Advising pid -1 (unknown) move from nodes () to nodes (1-3)
Advising pid 13801 (qemu-kvm) move from nodes (1-3) to nodes (3)

With memtester, you can test by consuming some memory in the guest and again watching the reaction of numad:

# ssh vm1 /usr/kits/memtester/memtester 28G 1
...
Advising pid 13801 (qemu-kvm) move from nodes (3) to nodes (2-3)

It advises you to increase by one NUMA node the memory source location for this guest.

Conclusion

As the number of cores per CPU increases drastically, NUMA optimization matters for all multisocket servers. The Linux community understands this trend and, on a nearly day-to-day basis, adds new libvirt elements and attributes to optimize VM placement in the hypervisor. Manual NUMA optimization leads to the best results, but it can rapidly become tedious in terms of management and can lead to dangerous memory over-commitment situations.

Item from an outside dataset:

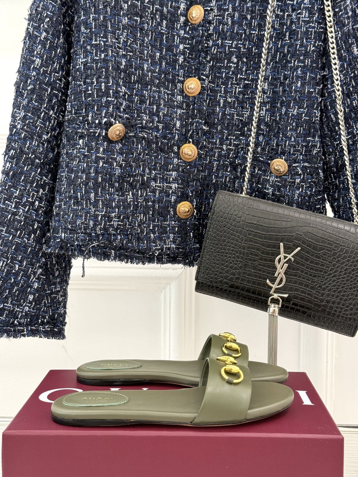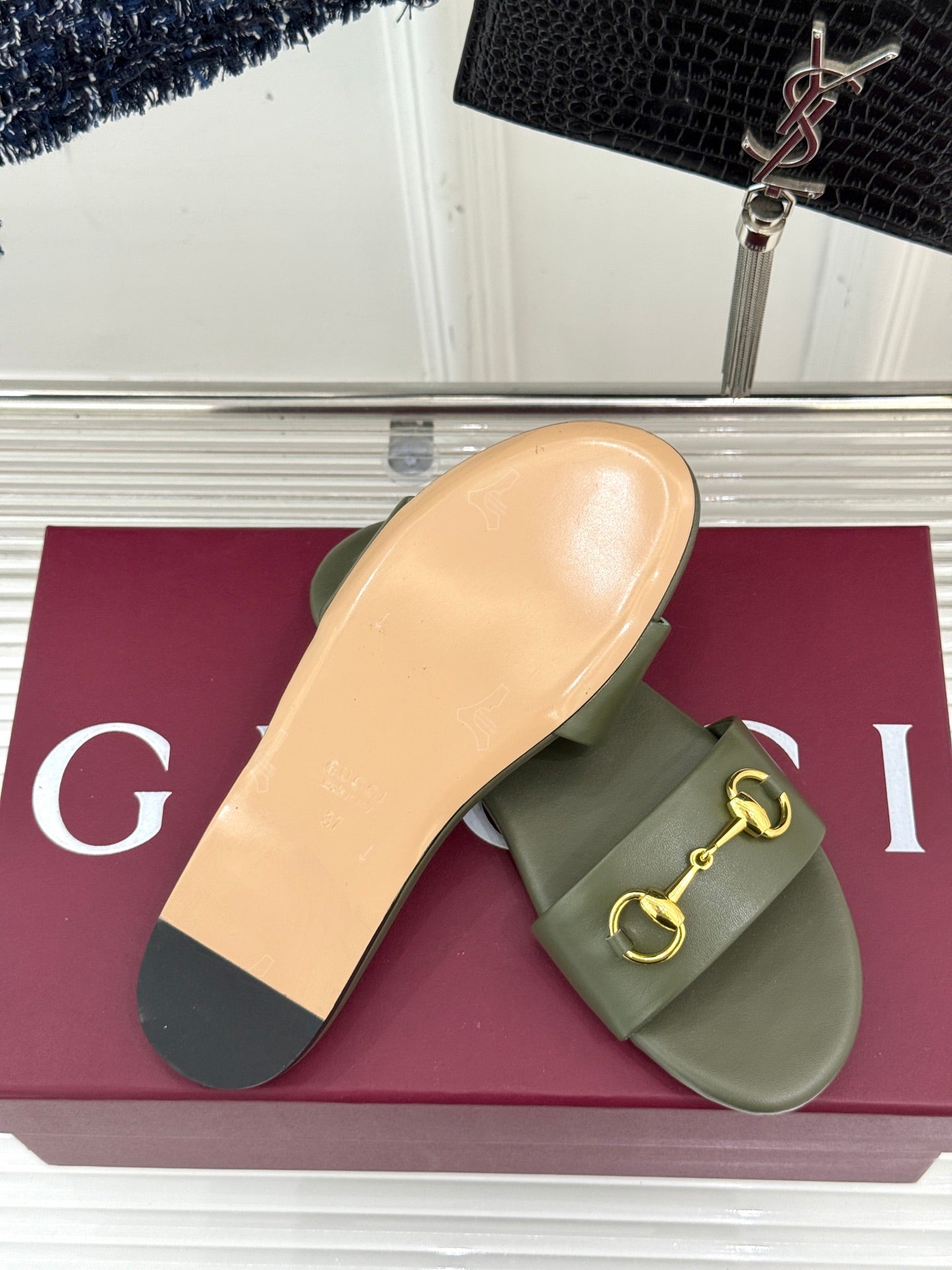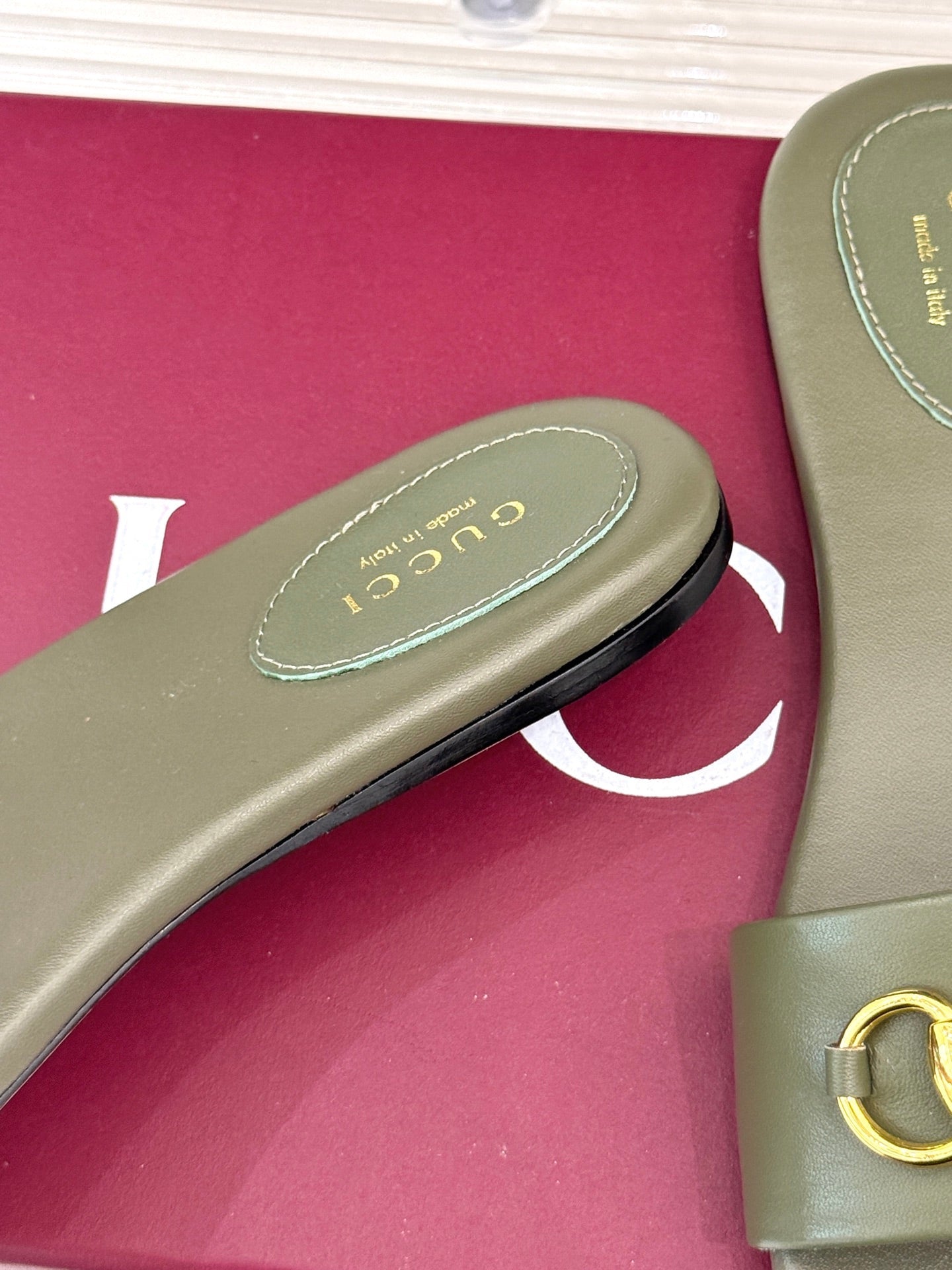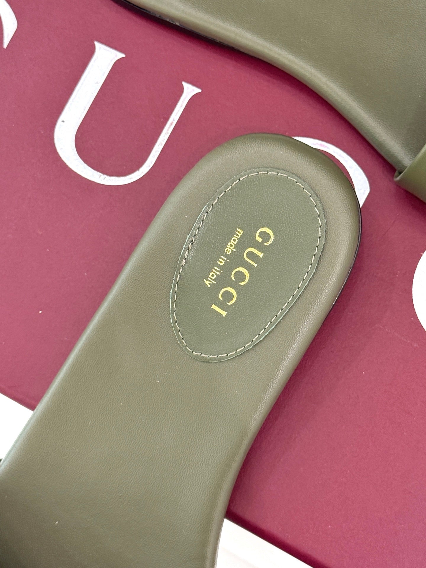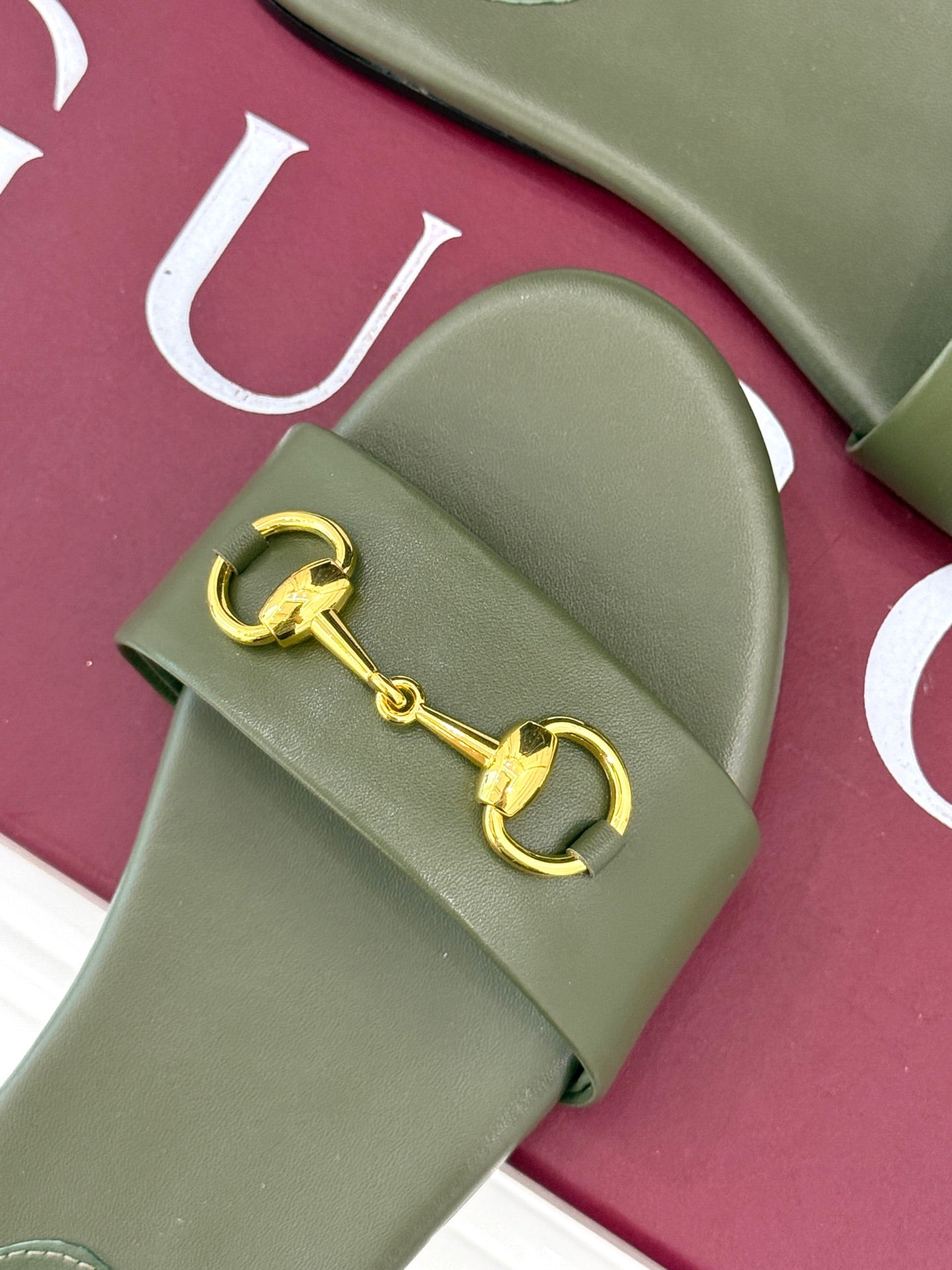 SLIDE SANDALS IN MOSS GREEN CALFSKIN WITH GOLD HARDWARE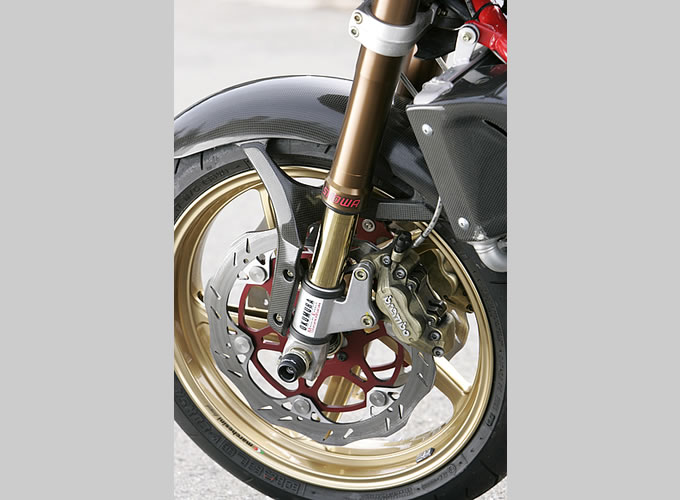花弁型のフロントディスクローターはアルト製。なめらかなカーブを描くアウトラインは、フロントホイールの真円と好対照となって、その美しさを優雅に主張する。

An interesting automatic optimization alternative exists with numad, but this user mode service cannot take full advantage of some kernel data structures and does not provide the best response. To address this situation, a kernel-based solution called "automatic NUMA balancing" is under development and may appear in future Linux distributions with better results than numad.